How to Know That What You’re Feeling is Love

We’ve all heard the romanticized notion that when you find your perfect person, you live happily ever after. But if you think about it, that’s pretty unrealistic. In the real world, love can be complicated, frustrating and even painful. It takes work to nurture those early stirrings of attraction and make them last, and it can take time to weather the stressors that inevitably come up. But if you put in the effort, a loving relationship can offer plenty of rewards.

But just how do you know that what you’re feeling is love? Love can be a confusing emotion, and definitions of it vary widely. The Merriam-Webster Dictionary defines it as “a strong affection for another arising out of kinship or personal ties.” But many other definitions go much further. One from the American Heritage Dictionary describes it as “a mutual affection based on companionship, fondness, or admiration.” And the Oxford English Dictionary has this definition: “A feeling of deep attachment and devotion to another person that may include sexual desire and a sense of companionship.”

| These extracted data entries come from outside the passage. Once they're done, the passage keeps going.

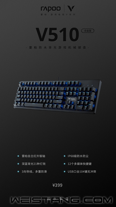 有人夏天在水里打麻将,是否有人想尝试在水里玩电脑呢?近期国内外设大厂雷柏Rapoo推出了V510合金版游戏机械键盘。全身采用深蓝色背光系统视觉效果十分帅气,上盖采用高强度金属面板,搭配雷柏自主红外银轴,电竞配置满满,再加上全104键无冲突,以及IP68级防水防尘,为今年夏天游戏上分添加了一名大将! V510合金版使用雷柏自主红外银轴,采用红外光阻断的方式导通,快速响应,稳定可靠,寿命可达到5000万次;创新弹片发声/手感控制部件,类青轴Click段落感十足,手感非常好,反馈感十足!采用双色注塑键帽,不仅字母能够透光,还十分耐磨,使用起来不怕有字符褪色、磨损、模糊的困扰,搭配雷柏自主红外银轴,指尖敲击键盘的每一下都打击感饱满,打起游戏来十分带感。 作为高性能机械键盘,键盘外部拼接处无缝连接,内部PCB板采用疏水纳米涂层保护,使得V510合金板的防水防尘级别达到了IP68级。即使在工作/游戏时将液体打翻,也能够快速排出,确保元器件正常工作,不愧是大厂出品,设计贴心到位。 V510合金版采用了冷峻的深蓝背光,让人感觉科技感十足,不禁让人联想到“深海机甲”。21种预设光效,支持全键光效自定义,超多玩法,乐趣无穷。不仅如此,V510合金版上盖采用了加厚金属面板,结实耐用,提升键盘稳固,触摸起来给人一种沉稳冰冷的感觉,仿佛是机甲冰冷的外壳。 为了使游戏时体验更加愉快,雷柏的设计师也非常贴心的采用了104键无冲突设计以及3向导线的加入,每一个操作都能够准确响应,拥有更灵活的走线,令桌面更加整洁,不会让玩家在游戏中出现按键冲突的意外以及凌乱的桌面导致的不佳游戏体验。再搭配Windows 12个多媒体的按键功能,一键切换,使你办公/游戏事半功倍。 作为合金版的V510,手感与外观是没的说的,质感十足。特别是对小编这种喜欢金属感的人来说,第一眼看到简直爱不释手,非常有吸引力。针对游戏部分,有雷柏红外自主银轴的加持,不论是声音还是回弹,都让人十分舒服,不愧是雷柏大厂精心研发的轴承,非常给力!针对复杂的使用环境,这款V510合金版采用了IP68级防水防尘设计,不得不说这个特点让人眼前一亮! 方便用户面对各种意外,如果不小心把水或饮料打洒了,大家都不用害怕键盘会因此受到损坏~ 这么给力的键盘,大家要不要考虑入手呢? |
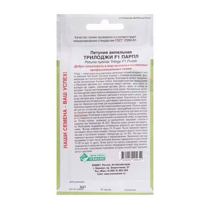 Идеальное растение для выращивания в контейнерах – вазонах, балконных ящиках и в качестве почвопокровного растения. Отлично подойдет для тех, кто мечтает украсить свой дом, приусадебный участок и балконы городских квартир. Высокие показатели всхожести и сортовой чистоты.
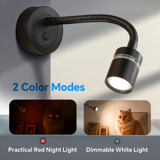 RV 12V LED Reading Light 4000K & Red Nightlight Built-in 20W Type-C Charger Flexible Gooseneck, Dimmable Bedside Lamp for Boat Motorhome Caravan, Hard-Wired Surface Mount
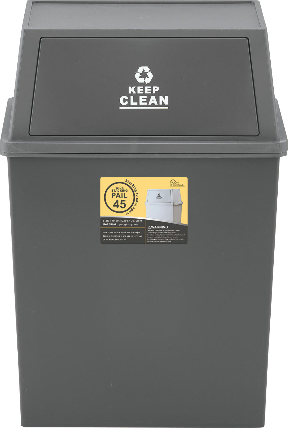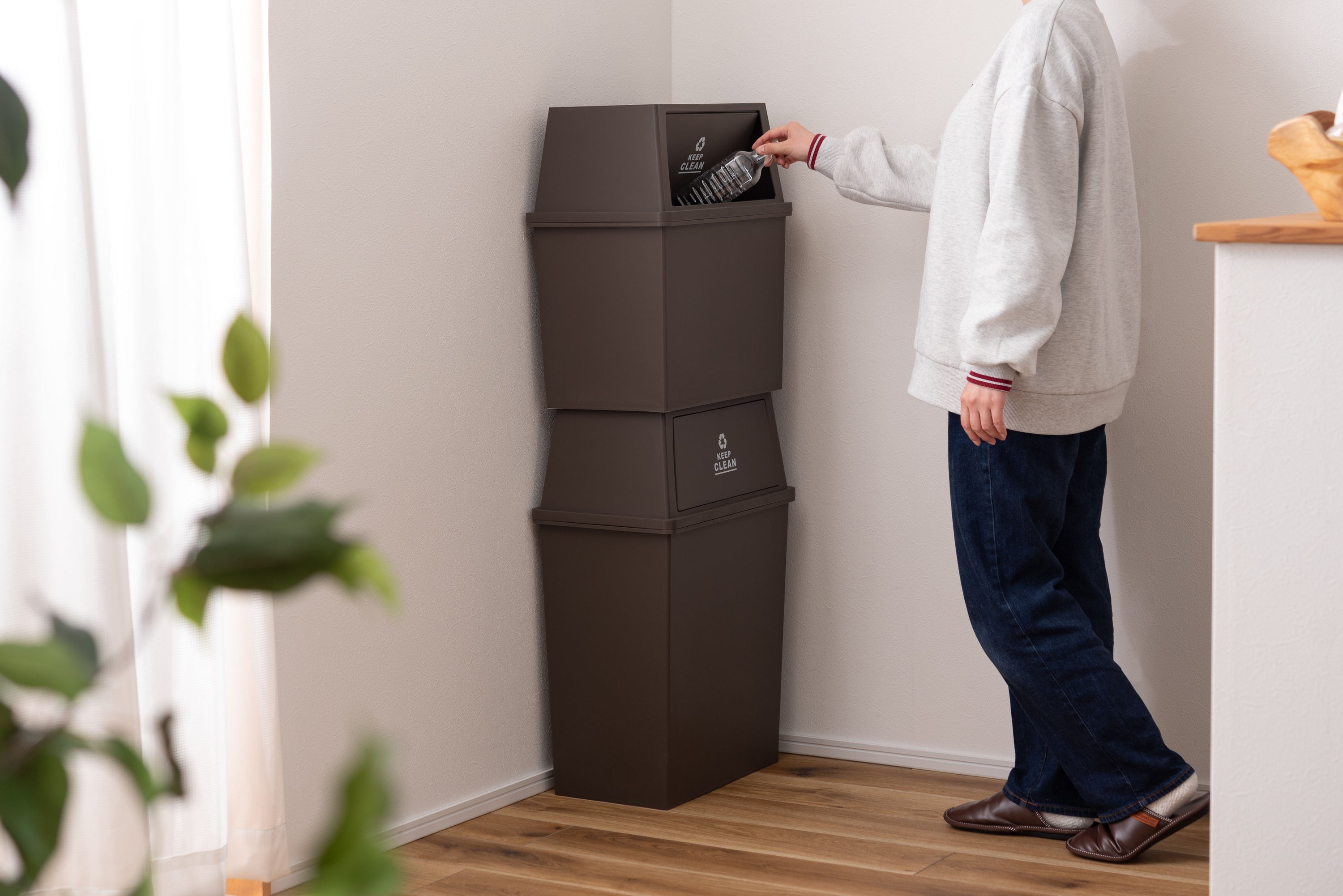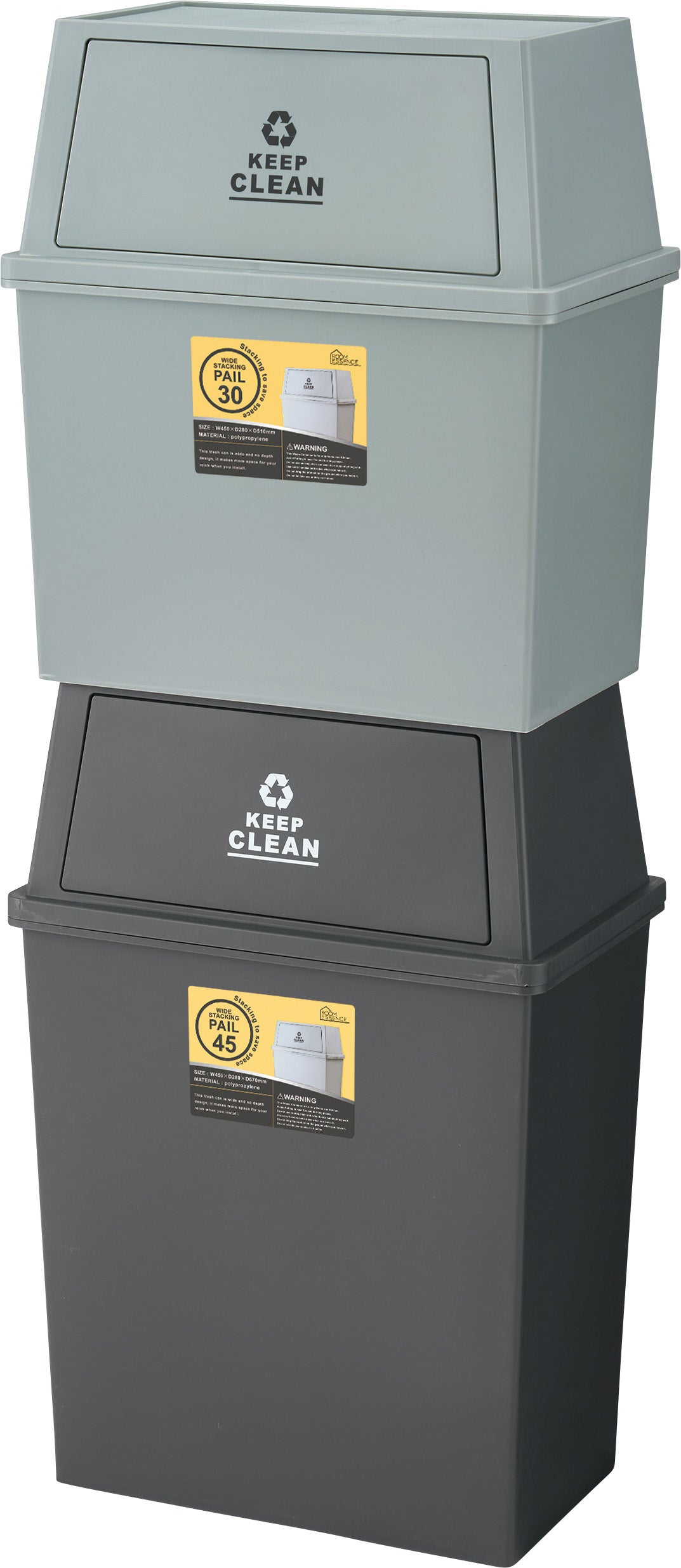 横幅ワイドで奥行スリム、大容量でもスペースを取らないスタッキングペール。キッチン回り以外にリビングやデスク回りなど壁面に沿って設置できるので、無駄なくきれいにスペースを使う事ができます。積み重ね(スタッキング)ができるのでゴミの分別にも便利。蓋の内側にはバネが付いているので、ゴミを捨てた後は自然に蓋が閉まる仕様。また蓋の裏側にストッパーが付いているので、蓋を上に押し上げて固定させておく事もできます。底面にはミニキャスター付きで移動もらくらく。キャスターは縦方向用・横方向用どちらにも取り付け可能。本体内側には可動式の袋止め付き。ゴミ袋の脱着をする際、綺麗に簡単に脱着できます。ポリプロピレン製なのでお手入れが簡単でいつでも清潔。安心の日本製。

Some scientists have developed different theories about what love is, focusing on the biological causes of the phenomenon. For example, some experts believe that the feeling of love is a mammalian drive, similar to hunger or thirst, triggered by chemicals like oxytocin and neurotrophins. Others view love as a more social and psychological phenomenon, with it influenced by culture and the expectations of a given society.

Other researchers have focused on the ways that people express their feelings of love, and they’ve discovered some nuances in the language of love. They’ve found that there are at least three different types of love: companionate, eros and agape. Commitment is a key component of eros, while intimacy is important in companionate love and agape is often a major aspect of enduring adversity in relationships.

In the end, though, a healthy and happy love life is about more than just the big emotional expressions like swaying together to your favorite romance song or declaring your feelings on social media. Instead, a loving person nurtures a positive attitude, seeks out opportunities to be kind and acts selflessly. They also show up for the bad times as well as the good ones and provide a steady source of support to their partner.

It’s no wonder, then, that love has become such a cultural icon. Whether you define it as a feeling or an action, love has the power to change our lives and improve our wellbeing. But only if we treat it with the care it deserves. Waking up to a sunny day, seeing an old couple hold hands and having meaningful work are some of the happiest things that people reported in a recent study of what makes people tick. The most important sources of happiness, however, are their health and family, a positive outlook on life and spending time with those they love.